Sequential Therapy Combining Clofarabine and HLA-Haploidentical Hematopoietic Stem Cell Transplantation In The Treatment Of Refractory and Advanced Lymphoma: Feasibility, Toxicity and Early Outcome

Allogeneic hematopoietic stem cell transplantation (HSCT) is a valuable treatment option for patients with relapsed or refractory lymphoma including patients with relapse after a first autologous HSCT. However, outcome in non-remission patients is still poor. Here we report the feasibility and efficacy of a protocol using the concept of sequential therapy with clofarabine induction chemotherapy followed by a HLA-haploidentical HSCT in the treatment of patients with advanced non-remission lymphoma.

16 adults (11 male, median age: 53 years, median comorbidity index: 3) with MCL (n=7), CLL (n=1), AITL (n=2), secondary DLBCL (n=2), DLBCL (n=2), follicular lymphoma (n=1), B- lymphoblastic lymphoma (n=1) were treated between September 2010 and February 2013. After induction-chemotherapy with clofarabine (5x30 mg/m² IV), followed by 3 days of rest, a reduced intensity conditioning (RIC) consisting of fludarabine/cyclophosphamide plus melphalan 110 mg/m² IV was performed prior to a T-cell replete HLA-haploidentical HSCT. High dose cyclophosphamide (Cy) was administered for post-grafting immuno-suppression followed by mycophenolate mofetil and tacrolimus.

The median number of immuno-chemotherapy attempts prior to haploidentical HSCT was 4 including 8 autologous HSCT. None of the patients were in complete remission (CR) prior to haploidentical HSCT. After salvage therapy and prior to haploidentical HSCT, progressive disease (PD) was documented in 9 patients with one patient being primarily refractory, while in 7 patients a partial remission (PR) was observed.

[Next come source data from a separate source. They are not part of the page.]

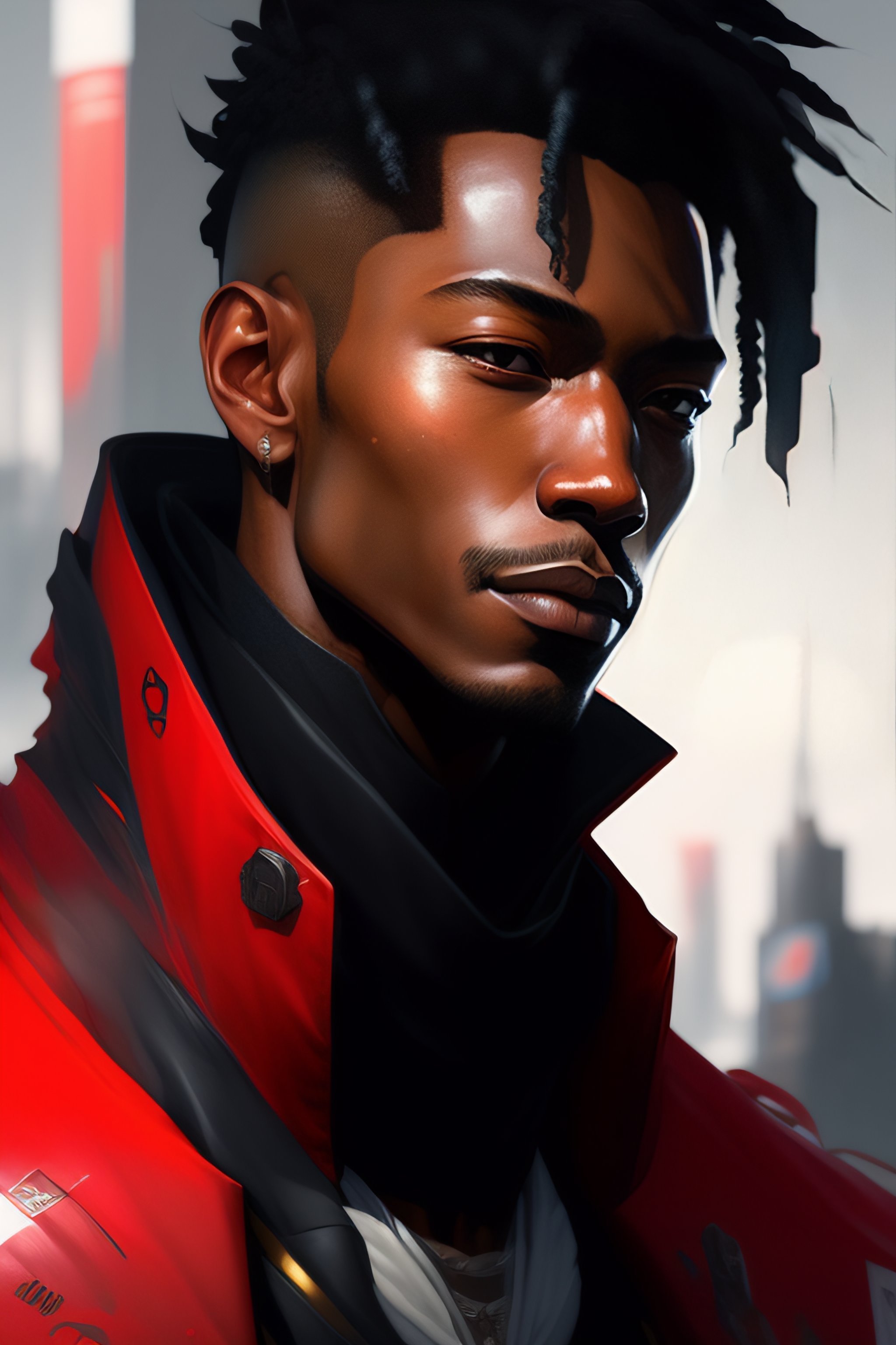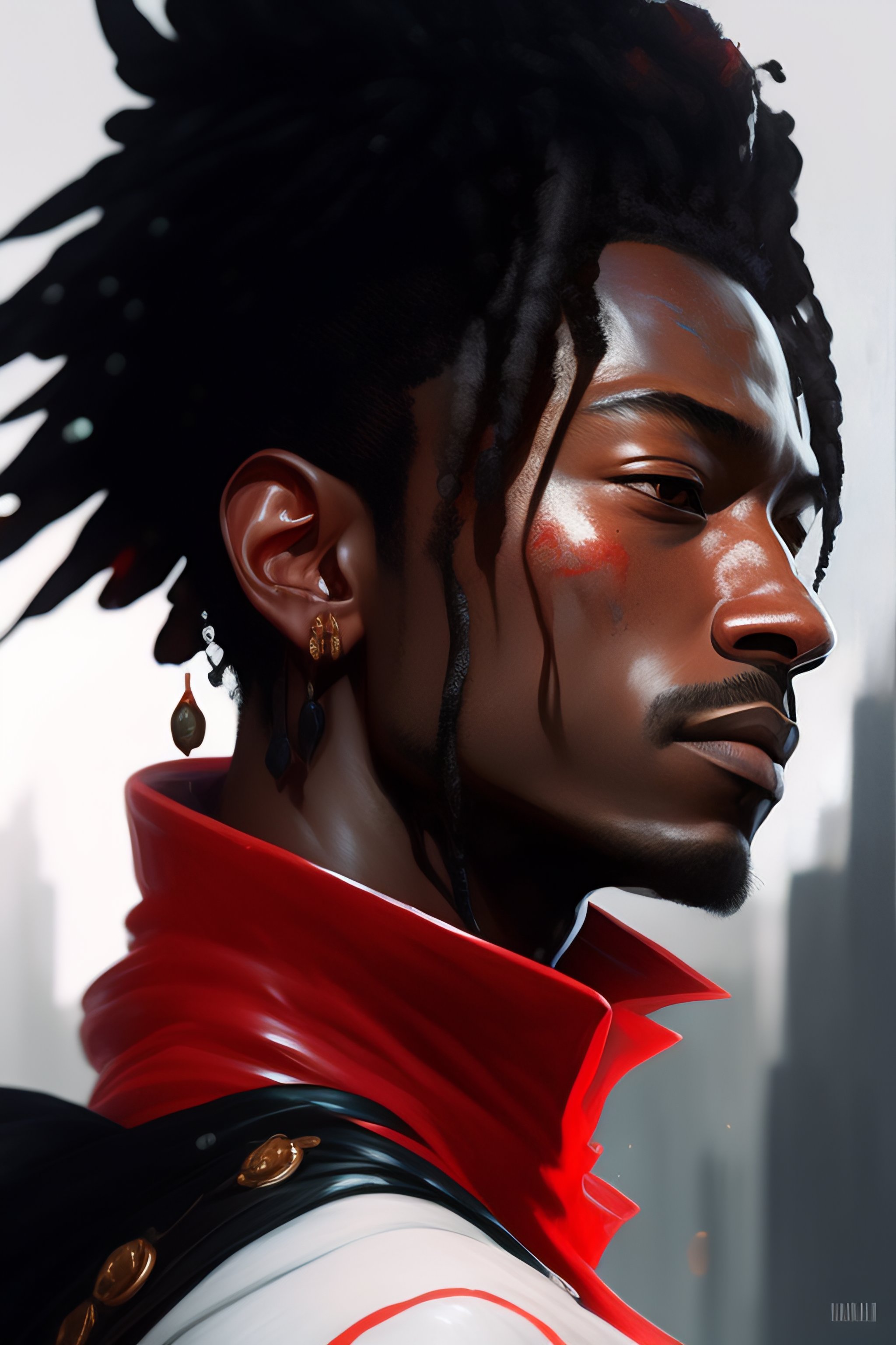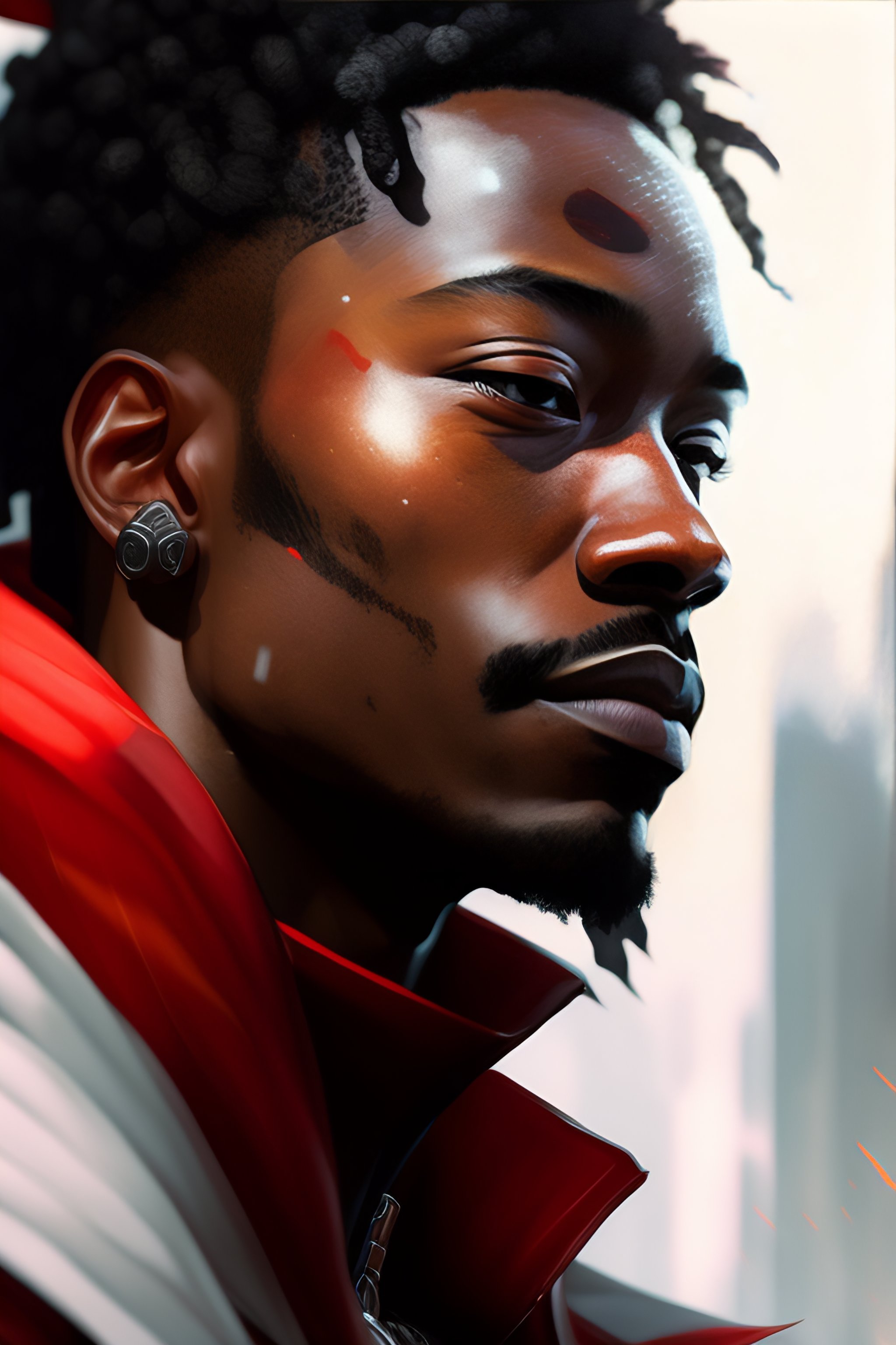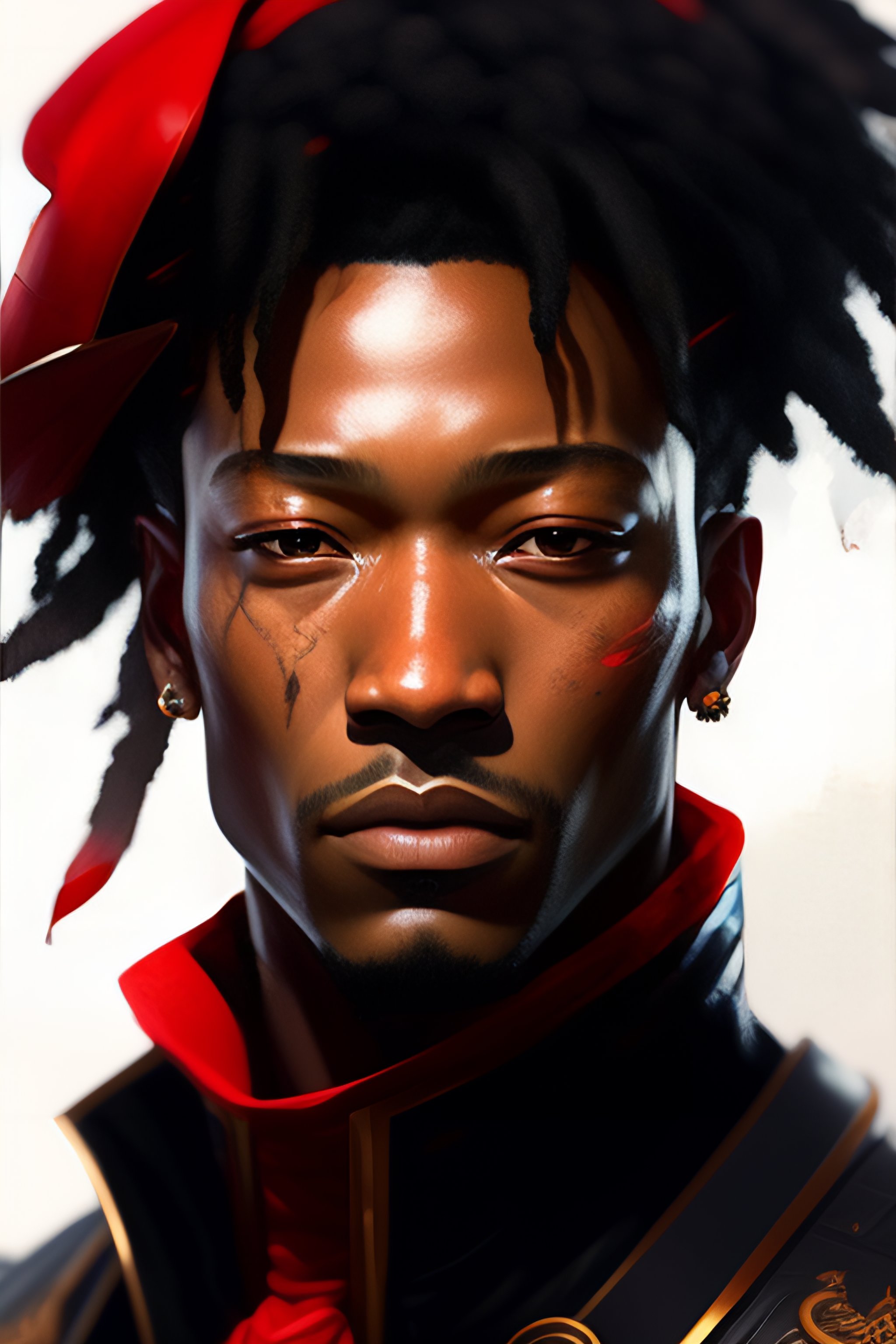Highly detailed portrait of ismael moreno cuadrado, by dustin nguyen, akihiko yoshida, greg tocchini, greg rutkowski, cliff chiang, 4k resolution, nier:automata inspired, bravely default inspired, vibrant but dreary red, black and white color scheme!!!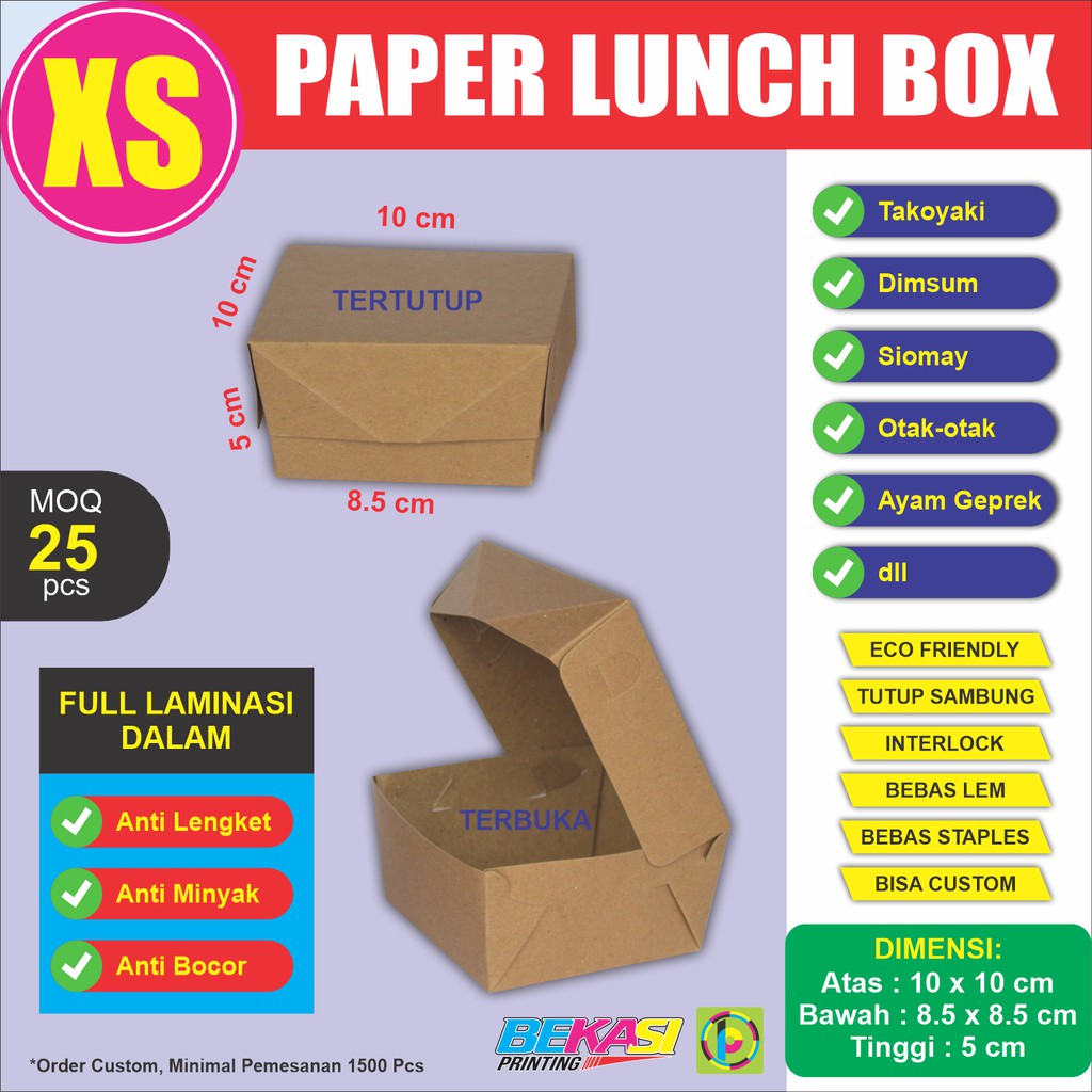 PLC-XS Paper Lunch Box Kraft / Dus Takoyaki Siomay Dimsum / Take Away Uk Extra Small / XS 10x10x5 cm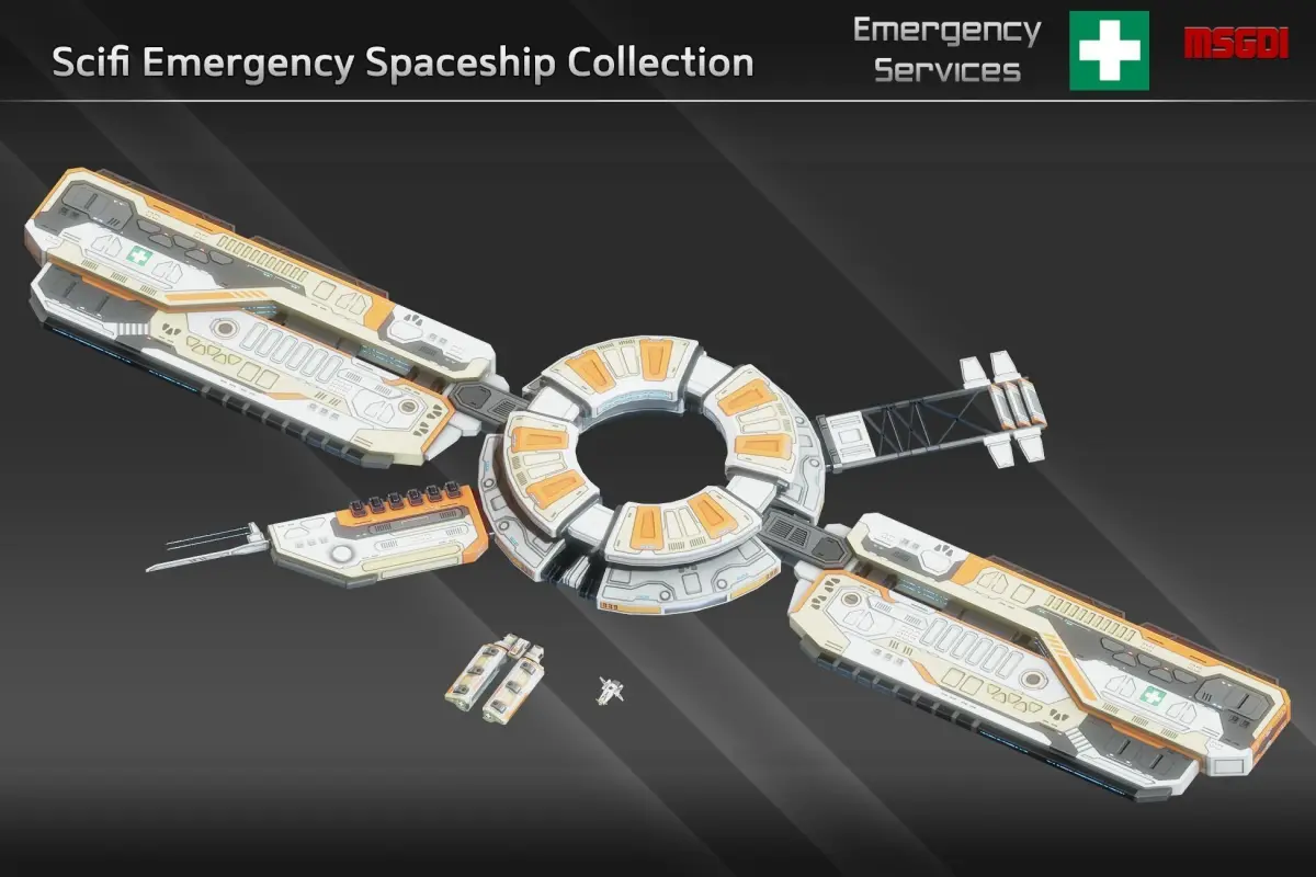 This bundle contains 2 emergency/rescue spaceships and a modular space station. The models can be used in a space themed game.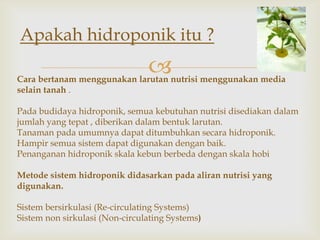 Hidroponik juga dikenal dengan sebutan soilless culture yang artinya budidaya.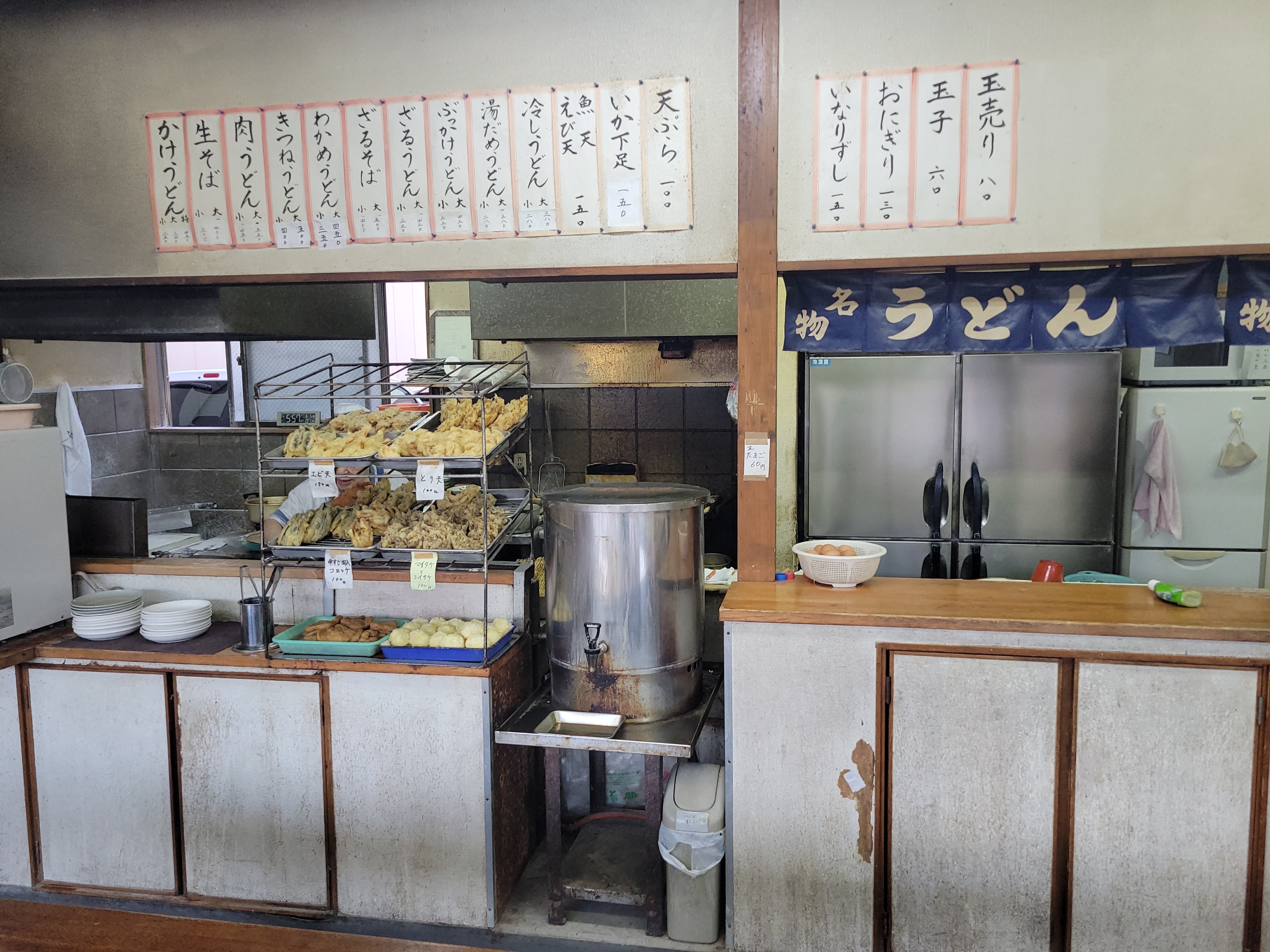 シンプルにうどんを楽しみたいので、あまりトッピングすることはありません。カウンター席からは高松駅が見えます。

Neutrophil engraftment was achieved in 16 patients (100%) within a median of 21 days (range 14-36) and platelet engraftment in 14 patients (88%) within a median of 30 days (range 18-115). No primary graft rejection occured. By day +30 CR was achieved in 4 patients (25%) and PR in 11 patients (69%), whereas 1 patient (6%) showed PD. Full donor chimerism on day +30 was detected in all 16 patients. By day +100, 8 of the 14 evaluated 14 patients (57%) achieved CR, 4 (29%) PR, and only 2 (14%) had relapsed. Full donor chimerism was detected in 13 (93%) patients. The rate of acute GvHD grade II-IV was 31%, while chronic GvHD occurred in 3 of 14 (21%) evaluable patients (21%). Non hematologic regimen-related grade III-IV toxicity was observed in 9 patients (56%), and included most commonly transient elevation of liver enzymes (38%), mucositis (19%), and nausea and vomiting (19%). Creatinine elevation (6%), hand-foot syndrome (6%) and haemorrhagic cystitis (6%) were rare. After a median follow up of 14.5 months (range 5.7-35) 4 patients had relapsed, and 4 patients had died, while death was lymphoma-associated only in one patient. Causes of non-relapse mortality (NRM) were haemorrhagic cerebral bleeding in one patient (day +101), and toxicity/infection in 2 patients (day +141; day +156). Cumulative incidence of NRM was 0% on day +100 and increased up to 20% (7-50) on day +360. Estimated one-year overall survival and progression-free survival were 75% (95 CI 46-90) and 56% (95 CI 30-76), respectively.

Sequential therapy combining cloforabine induction-chemotherapy and HLA-haploidentical HSCT using RIC, a T-cell replete graft and high dose Cy post-transplant is feasible, shows a favourable toxicity profile and furthermore achieves significant anti-lymphoid activity in patients with advanced non-remission lymphoma. These early results are promising, but longer follow up is needed.